Okay. Go to check out. Paper? No... that kills trees. Plastic? No... that just ends up in the oceans. Cloth? Of course! Except, of course, that the material from which the cloth bags are produced also comes from somewhere. Is it organic? Is it sustainably harvested? Irrigated? Harvested by people with health care who earn a living wage?

Um... No?

And, in case you haven't heard, studies show that because cloth bags are used to carry food they are often covered with surprisingly large colonies of harmful bacteria. Which also might kill you.

Okay... Get out the antibacterial hand sanitizer and let's cause some evolution!

Or... not. Let's just try to escape all of this by growing our own food.

Like ducks. A reasonably low-hassle, generally healthy way to produce protein.

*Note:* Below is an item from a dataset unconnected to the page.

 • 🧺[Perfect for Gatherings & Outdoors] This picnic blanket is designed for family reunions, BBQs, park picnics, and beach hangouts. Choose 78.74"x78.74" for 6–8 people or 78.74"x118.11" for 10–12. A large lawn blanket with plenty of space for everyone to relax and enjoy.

Except, of course, that the very fact that they appear reasonably healthy might cause us to get avian flu from them.
..........
BAH!

Seriously. Locally produced food was supposed to be the thing that got me away from large-scale industrial agriculture and processed food. It is supposed to be part of the answer to the unsustainable use of oil. And, here, I learn that it's going to kill me too.

Just in a different way.
..........

Inexplicably, I thought of this:



The moment that initially occurred to me comes at about 1:57 in, and has to be one of my absolute favorite moments in the Star Wars trilogy. And that's a high bar.

What are the odds that we'll get Avian Flu from our ducks? I don't know.

"Never tell me the odds."

Watching it, though, I realized that the moment of true analogy comes later, starting at nine minutes in.

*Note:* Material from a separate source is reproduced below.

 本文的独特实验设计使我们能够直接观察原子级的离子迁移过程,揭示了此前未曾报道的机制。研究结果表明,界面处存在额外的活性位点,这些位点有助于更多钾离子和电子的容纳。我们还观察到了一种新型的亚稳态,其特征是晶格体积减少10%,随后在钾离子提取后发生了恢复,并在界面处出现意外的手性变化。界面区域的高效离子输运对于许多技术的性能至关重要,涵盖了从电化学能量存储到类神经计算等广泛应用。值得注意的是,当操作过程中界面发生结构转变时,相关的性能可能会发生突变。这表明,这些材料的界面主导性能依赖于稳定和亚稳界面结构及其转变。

I could get rid of the ducks. I could search for and take refuge in what seems to be a safer place. Eggs from an industrial, large-scale source. But I'm guessing that I'll soon discover that the surface on which I've built that plan is, also, not entirely stable.

Every path has it's pitfalls. And we've got to eat.
..........

Maybe I should be really, really worried about avian flu. It's possible that it will kill me. Or, worse, kill my kids.

We're probably going to look into some new ideas about sanitizing duck stuff. And having specific shoes. And we'll ponder some other options, I'm sure.

But I don't think we're getting rid of the ducks.

Because I've come down with a raging case of anxiety fatigue. I've hit a wall. It's too much. I just can't get all wound up in worrying about another thing.

Maybe we'll get hit by a drunk driver on the way to the movie theater.
Maybe the theater will catch on fire.
Maybe we'll choke to death on a piece of popcorn.
Maybe a grape.
Or a piece of hard candy.
Maybe a tornado will hit the theater.
Or a strong wind will blow a tree onto our house.
Maybe some crazy guy will shoot us in the supermarket.
Maybe I'll get salmonella from picking up a turtle.
Maybe I'll get avian flu from the robins nesting in our woodshed.
Maybe avian flu will evolve and become capable of human-to-human transmission somewhere very far away.
Maybe it'll be Ebola.
Maybe someone else will hit a black bear through the windshield of my car.
Maybe it'll be a plane crash.
Maybe I'll slip and fall on some ice and hit my head in exactly the wrong way.

Maybe, maybe, maybe...

Maybe I'll just sit in my backyard, watch my ducks frolic, my corn grow, and the sun set. I'll take in a deep breath and enjoy life.

I'll put on sunscreen. And some carcinogenic bug spray. I'll wash my hands afterwords.

And I'll sleep well at night, and try not to worry about the fact that we'll all die, eventually, of something.